I remember sitting on my couch with my mom and grandpa huddled around me. I knew soemthing was wrong. "They found your father...floating in the lake." These were the words my mom spoke. She tried making these words sound as unsad as she could make them. But there was no way you could sugar-coat these. I ran into my bedroom, locked the door, lied down on my bed and cried. I heard knocks on the door but ignored them as much as I could. I didn't want to talk to my mom or grandpa. I wanted to talk to my dad. I wanted to hear that they found him, and he is in the hospital or he is on his way hoem or at least that he was alive.
It was a Saturday so I got to sleep in. I slept as long as I could and then cried the rest. Sunday, the same thing. Monday came around but my mom didn't make us go to school. Not even on Tuesday. I don't think we went to school at all that week. I had hated school now. I didn't want to go back and tell everyone the horrible news. But the next week that I did go to school, everyone in my grade had already known because my councelor had gone around telling my classmates what had happened. I hated her for that. My classmates thought it would be nice if they made me a card. I still have the cards. I hate reading them. I don't like remebering what people thought about me and my situation.

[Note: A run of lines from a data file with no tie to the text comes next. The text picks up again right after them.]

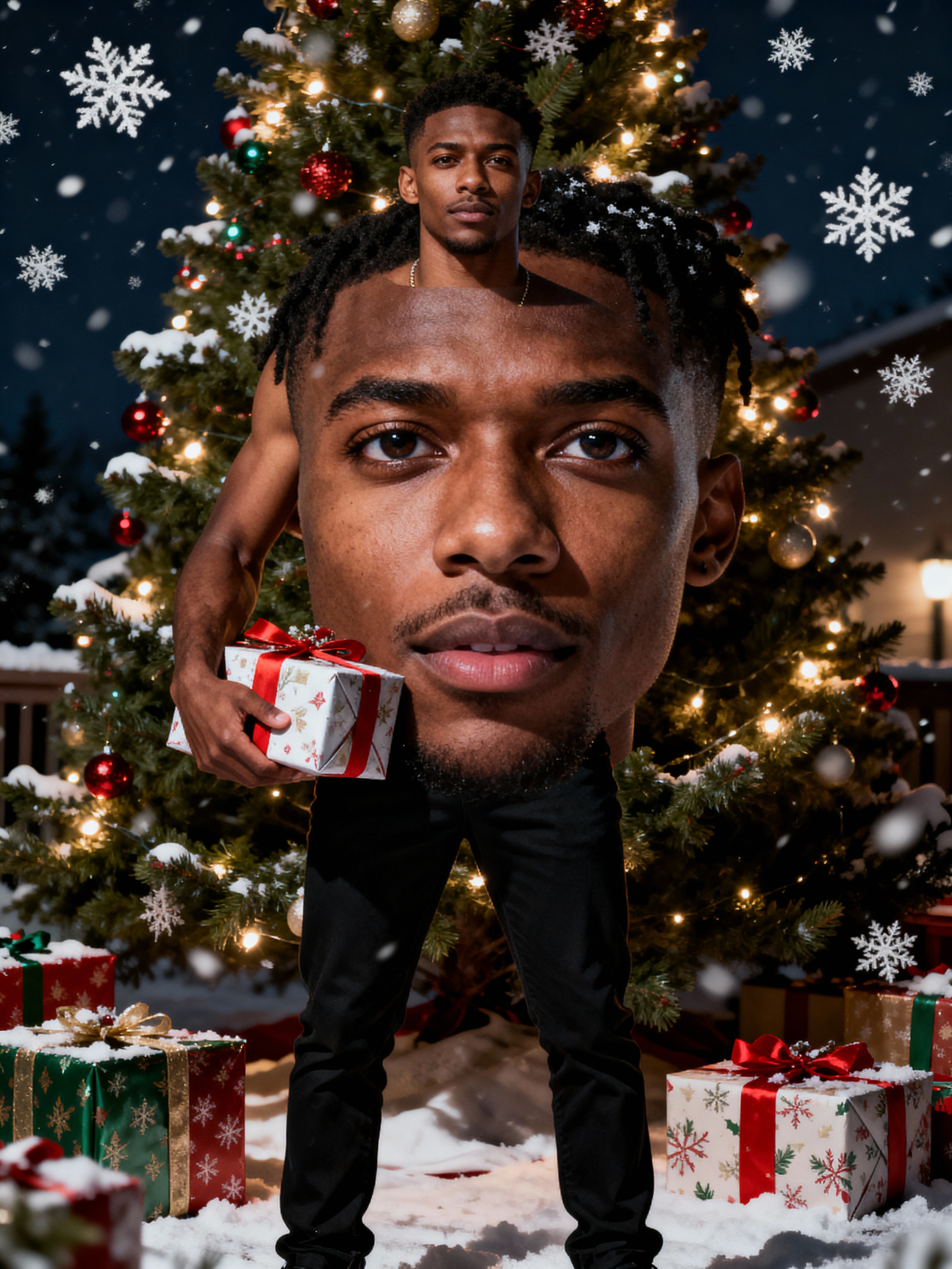 A model posing in front of a Christmas tree, holding presents, with snowflakes and festive lights in the background.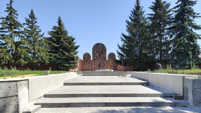 Подрядчики уже выложили тротуарной плиткой подход к чаше Вечного огня, сейчас плитку выкладывают на тротуарах с внешней части мемориала. Само основание чаши облицуют плиткой из черного гранита, а крупной плиткой в светлых тонах выложат боковые части всех модулей территории. Подрядчики работают в хорошем темпе. Работы по контракту должны завершить в начале августа. Планировка этого памятного места и мозаика на центральной стеле останутся прежними.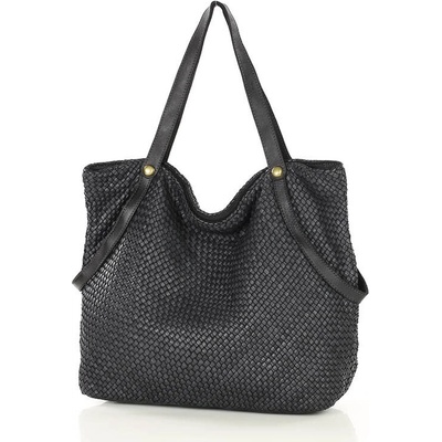 Mazzini Marco Velká tkaná kožená vintage shopper taška černá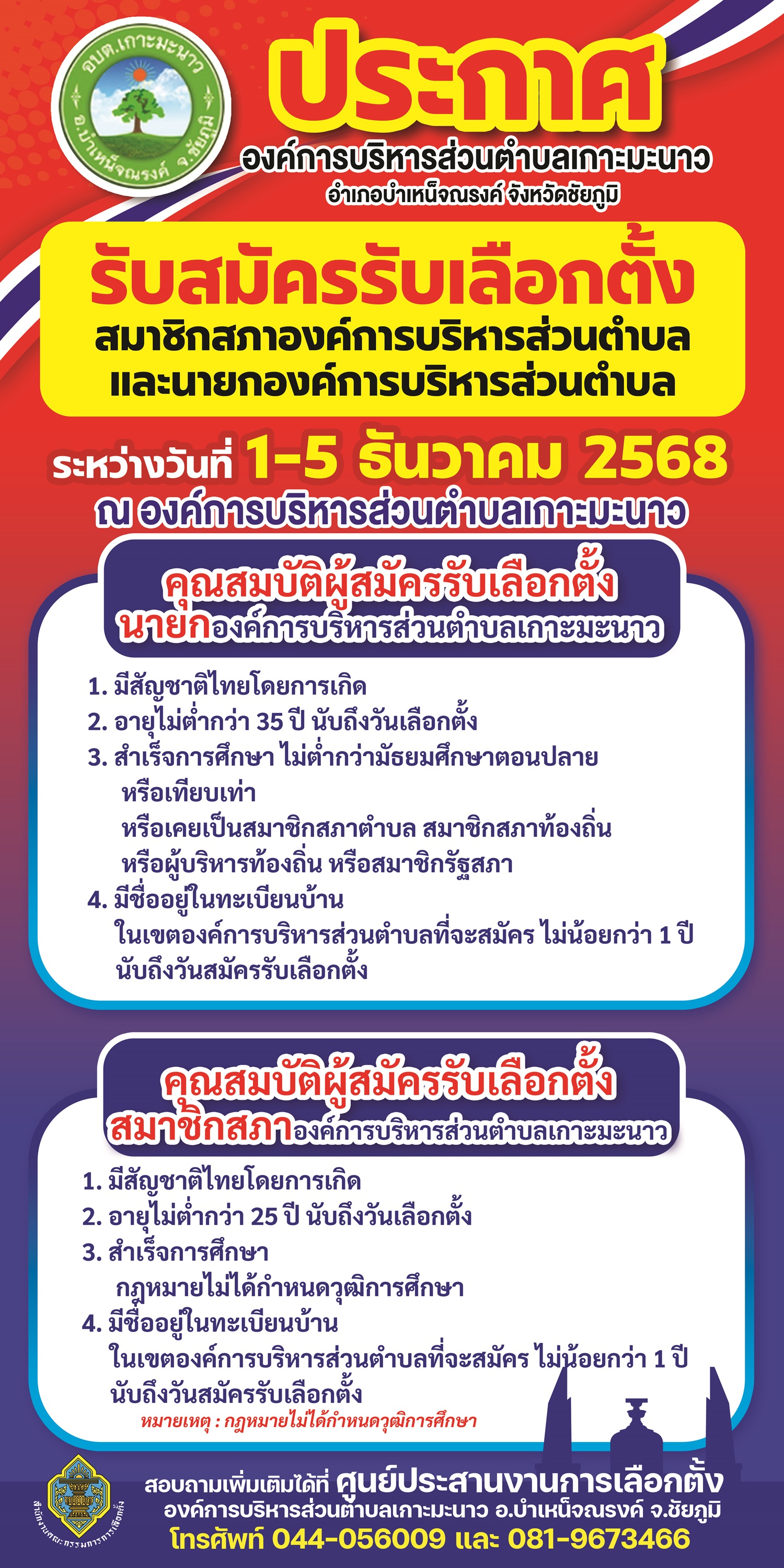 ประชาสัมพันธ์ องค์การบริหารส่วนตำบลเกาะมะนาว อำเภอบำเหน็จณรงค์ จังหวัดชัยภูมิ ประกาศรับสมัครรับเลือกตั้งสมาชิกสภาองค์การบริหารส่วนตำบลและนายกองค์การบริหารส่วนตำบล ระหว่างวันที่ 1-5 ธันวาคม 2568 ตั้งแต่เวลา 08.30-16.30 น.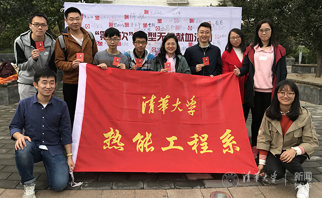 热能系党委书记李宇红带领热能系同学献血。夏石冲 摄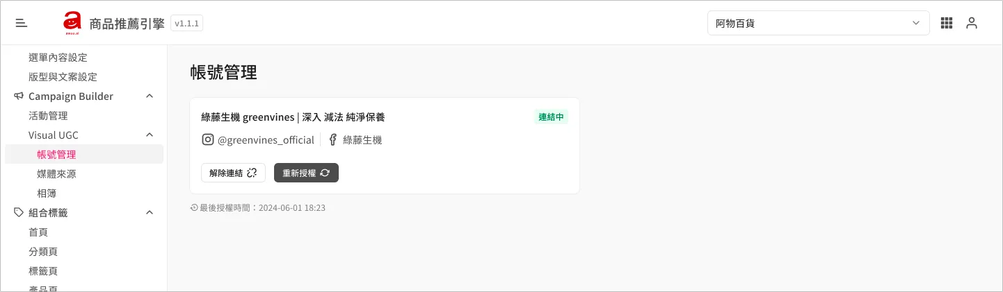 連結成功後,可以看到 Instagram 商業帳號的檔案資訊,和最後一次授權帳號的時間。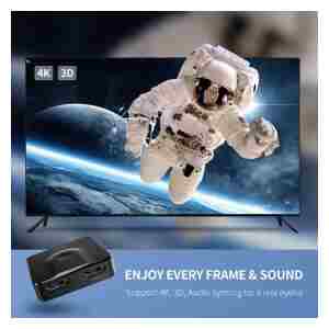 Ugreen 2×1 HDMI stikalo vam omogoča hitro in preprosto povezavo 2 izvornih naprav na vašo napravo za prikaz HDMI. Če na vašem televizorju ni dovolj priključkov HDMI, bo to stikalo ponudilo idealno rešitev za to. Omogoča priročno preklapljanje med digitalnimi napravami, kot so PC, DVD predvajalniki, satelitski sprejemniki in digitalne kamere. Želeni vhodni vir lahko izberete z daljinskim upravljalnikom ali gumbom na stikalu. Prav tako podpira 4Kx2K ločljivost in 3D.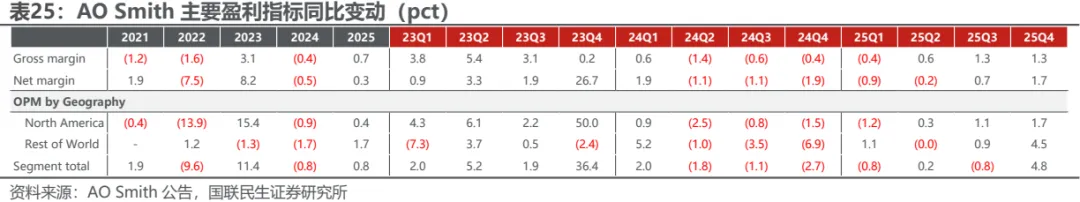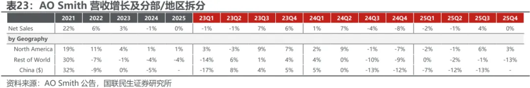 AO Smith:25Q4收入同比持平,26年预期修复至+2%~5%
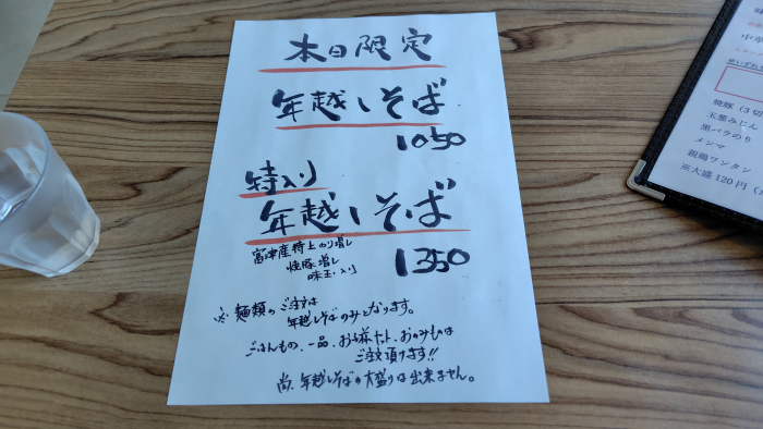 ラーメンメニューが年越しそばと特入り年越しそばの二品のみとすがすがしいラインナップですね。大晦日だし品数絞ってやってる為の結果なのかな?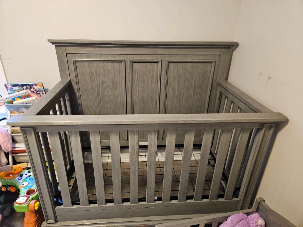 60Selling a 4 in 1 Kendra crib by Oxford baby in a lovely grey colour. This 4 in1 Crib converts to a toddler bed, day bed and full size bed. Full bed conversion kit and toddler guard rails are sold separately.Green Guard Gold Certified, Kendra crib is tested for Health Canada and CPSC regulations and comes in hand rubbed wire brushed Gray finish. Assembled Dimensions: 58.75" W x 31.50" D x 49.00" H It's in great condition and ready for a new home. Perfect for your little one's nursery!
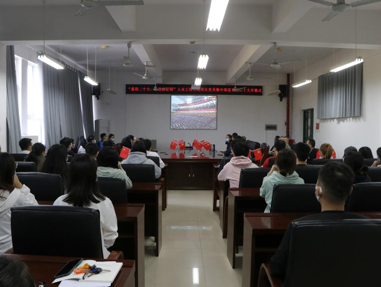10月16日,土木工程学院组织师生党员在理工楼A303集中收看党的二十大开幕会。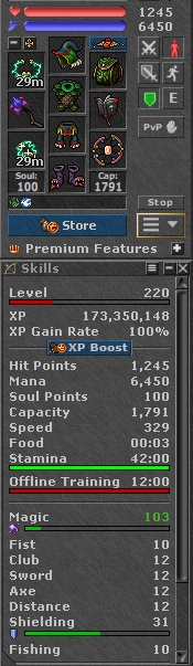 TIBIA 220 ED + 103 Mlvl + SECURA + EQ + FREE RK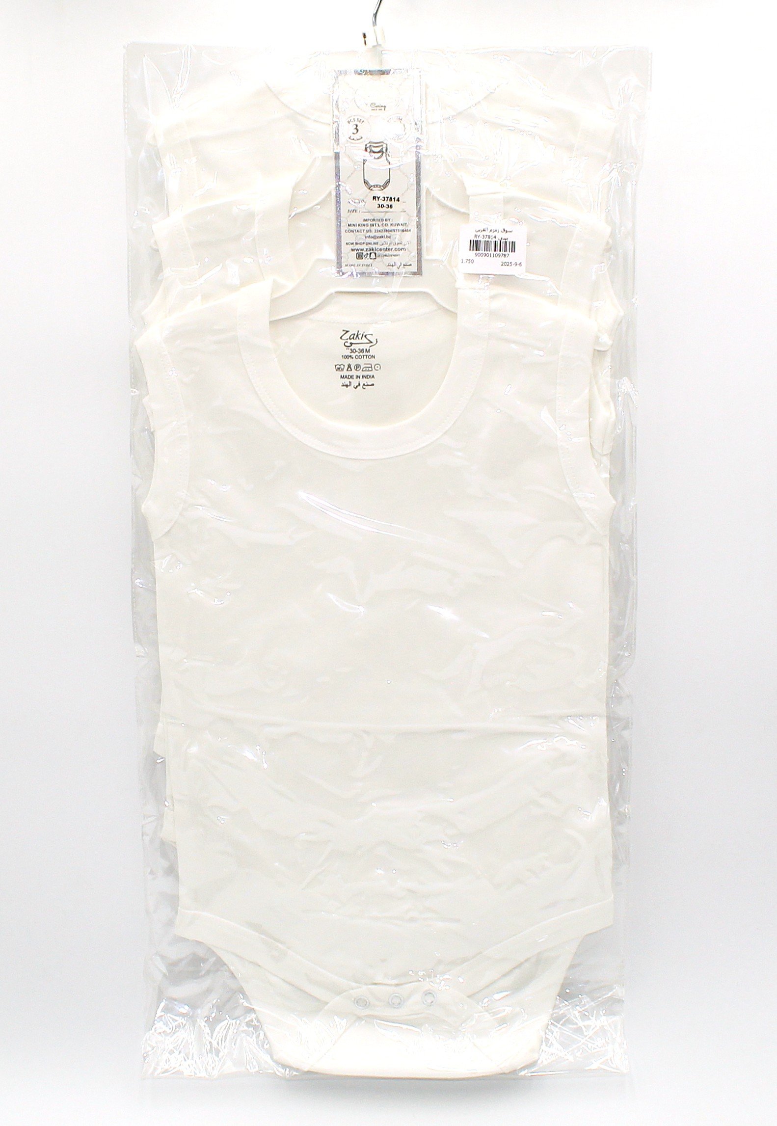 تبان بيبي ابيض بدون اكمام 3 قطع من زكي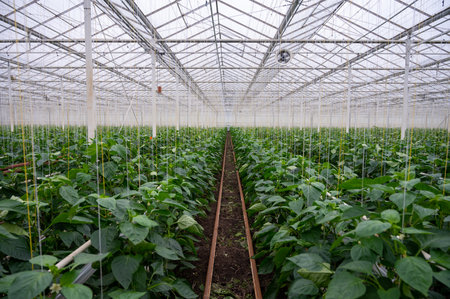 Big ripe sweet bell peppers, green paprika plants growing in glass greenhouse, bio farming in the Netherlands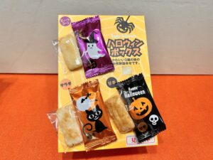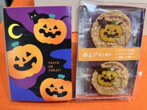 ハロウィンのかわいいパッケージに入った、柔らかく食べやすいお煎餅3種(サラダ、甘辛、スイートコーン)の詰合せです🍘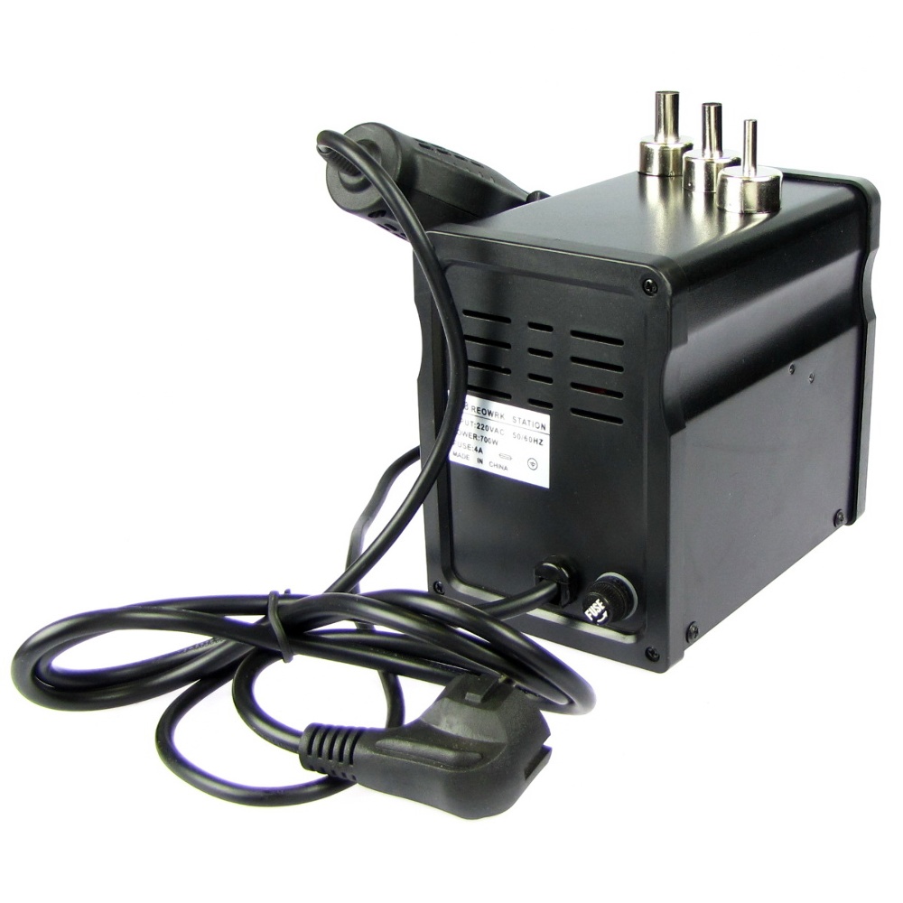 Наличие термофена дает возможность выполнять работы в устройствах с поверхностным монтажом - SMD. Термофен значительно упрощает работу с микросхемами любых типов: DIP, SIP, SOIC, QFP, LCC, PLCC, TSOP, SSOP, ZIP и другие. Также станция BAKU BK858D позволяет выполнять ремонт современных печатных плат с применением BGA микросхем, для этого используются сменные насадки для фена которые позволяют точно сфокусировать поток воздуха.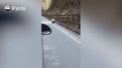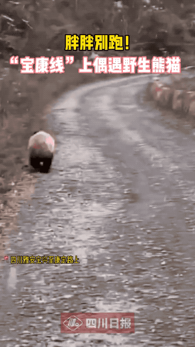 2020年12月29日,網友行駛在從寶興至康定的公路途中,偶遇一隻大熊貓,正扭着屁股向前“競走”。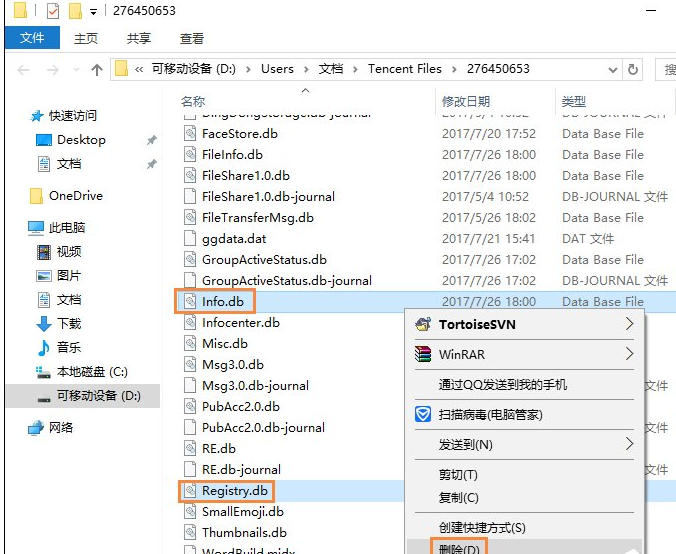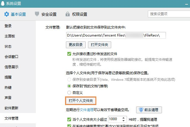 2、登录QQ,进入系统设置 → 基本设置 → 文件管理 → 打开个人文件夹,退出QQ后删除Info.db、Registry.db这2个文件后重新登录尝试使用;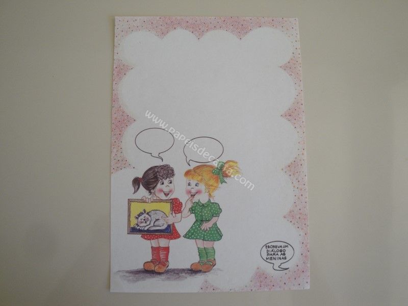 Papel de carta antigo, raro, tamanho médio, de coleção não identificada, para atividades. Atividade: Escreva um diálogo para as meninas.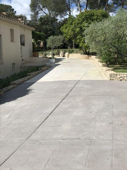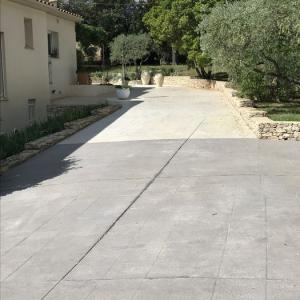 FRANCE REVET GARD a réalisé l'aménagement complet d'une allée de villa à Nîmes. Nous avons mis en œuvre un béton imprimé décoratif imitation grandes dalles, offrant une résistance carrossable exceptionnelle et un rendu visuel haut de gamme.
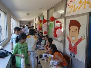 クラス準備の時間となると机やイス、教壇などが整理して片付けられ、これまで準備してきた制作物の展示や飾り付け作業が一斉に始まりました。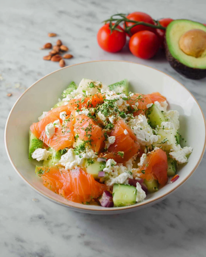Cottage Cheese Salad with Smoked Salmon Recipe. Since the salad is made with fresh ingredients, you simply mix everything together. This means you can enjoy a healthy meal without the need for cooking. It’s a great option for those who want something quick yet nutritious!

About 2 weeks later was the funeral. It was held in El Paso, my home town. My mom told everyone not to wear black. She didn't want this seeming sadder than it already was. It was horrible to think that a death in the family is what got our entire family together.
This experience has taught me to love everyone as long as I am alive because you nevre know when your last day will be. Live your life to the fullest! I know that i will be with my dad in heaven one day. But for now, I am just a 13 year old girl trying to find her purpose in life.